We then meet up with Mulder and Scully on a routine FBI job. The X-Files has been disbanded and we the viewer are soon wondering if we’ve been sold a fast one. The agents are looking for a bomb in a government building and getting no where fast. Mulder playing his usually reliable hunches has a look in a building nearby and after failing to get a soda succeeds in finding the bomb. Luckily the bomb has a helpful countdown timer and the bomb disposal dude is on the scene with five minutes to spare. Unfortunately his union mandated five minute break has just started and he has to sit and watch as the clock counts down and the building explodes.

The Feds want a scapegoat for the blast and for the deaths of a boy and three fireman - remember them from the last paragraph? After thorough grilling Mulder hits a bar but is interrupted by Martin Landau of ‘ Space 1999’ who has parked his Eagle to tell him the blast was a deliberate ploy to conceal evidence. With this nugget of info Mulder is on the case and after rousing Scully for a quick autopsy they soon start to unravel the conspiracy which eventually leads to a showdown in Antarctica and some solid revelations for once.

I really enjoyed my first look at ‘The X-Files’ since 1998 and was surprised how much was explained.
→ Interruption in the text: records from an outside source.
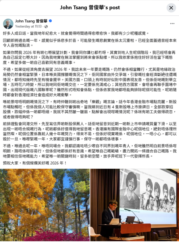 財政司長陳茂波昨日在網誌中總結2025年香港經濟表現,展望2026年,陳茂波料香港經濟可保持良好勢頭。不過前財政司長曾俊華則在社交媒體撰文指,「如果從經濟角度去展望 2026 年,我諗未來一年要走嘅路,仍然會係相當難行…喺前景咁唔明朗嘅情況之下,有時仲聽到啲出奇地「樂觀」嘅言論」。
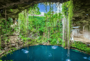Pozos naturales de agua dulce formados por la erosión de la roca caliza. Son considerados sitios sagrados por la cultura maya y destacan por su agua cristalina. Aguas transparentes de color azul turquesa, Formaciones rocosas y en algunos casos, cuevas subterráneas, Vegetación selvática alrededor.
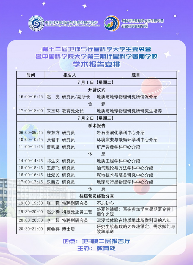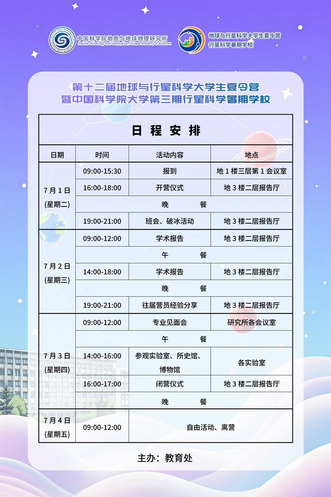 【7.1-7.4】第十二届地球与行星科学大学生夏令营暨中国科学院大学第三期行星科学暑期学校
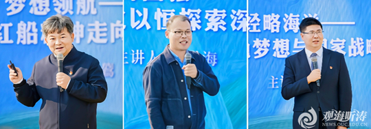 黨課以“啟航—深藍—礪劍—融匯—揚帆”為清晰主線,層層遞進傳遞精神力量。黨委常委、統(tǒng)戰(zhàn)部部長陳鷟圍繞“紅船精神與藍色夢想”授課,從開天辟地的首創(chuàng)精神切入,闡釋“紅船精神”作為海洋強國建設的精神航標,解讀其與海大人“浩海求索”傳統(tǒng)的內在契合;化學化工學院教授張洪海以西北太平洋觀測體系構建為線索,講述科研人員接續(xù)奮斗、深耕遠海觀測的艱辛歷程,詮釋“持之以恒、久久為功”的科學家精神;文科處處長董躍聚焦海洋強國建設,解析國家經(jīng)略海洋部署與學校使命,引導師生將個人追求融入國家海洋事業(yè)。

I used to enjoy the TV show but went off it as it seemed to spin out the storylines to an intolerable degree. Here you get the whole set up and resolution inside two hours saving you at least 70 over the TV box set.

The film does exist in the same continuity as the TV show and fits in between seasons. The ‘Colonisation’ storyline is brought to the fore and we learn a lot of things that had previously only been alluded to. We get a lot of scenes with the bad guys conspiring in a ‘Pentabulate’ style meeting room as well as The Cigarette Smoking Man clocking up the air miles as he tries to stay ahead of the tenacious ‘tecs.

My main gripe would be that a lot is crammed in, maybe too much. Great characters like Skinner and The Lone Gunmen merit only brief cameos and some of the exposition is practically read out for you lest you fail to keep up. The denouement in Antarctica is well played although there are a few MCGuffins thrown in to let Mulder find Scully in a spaceship as big as the ones in ‘V’ with just as many ready meal humans to choose from.

If you think of this as a ‘Greatest Hits’ from the TV show you won’t be disappointed and you even get a couple of ‘shits’ for your trouble too - ooh dangerous. The production values and effects are pretty good and I was glad that a few cats were let out of their long term bags - the fate of Mulder’s sister for one.

As a standalone film I think this succeeds and it also goes a long way to keep the fans happy too.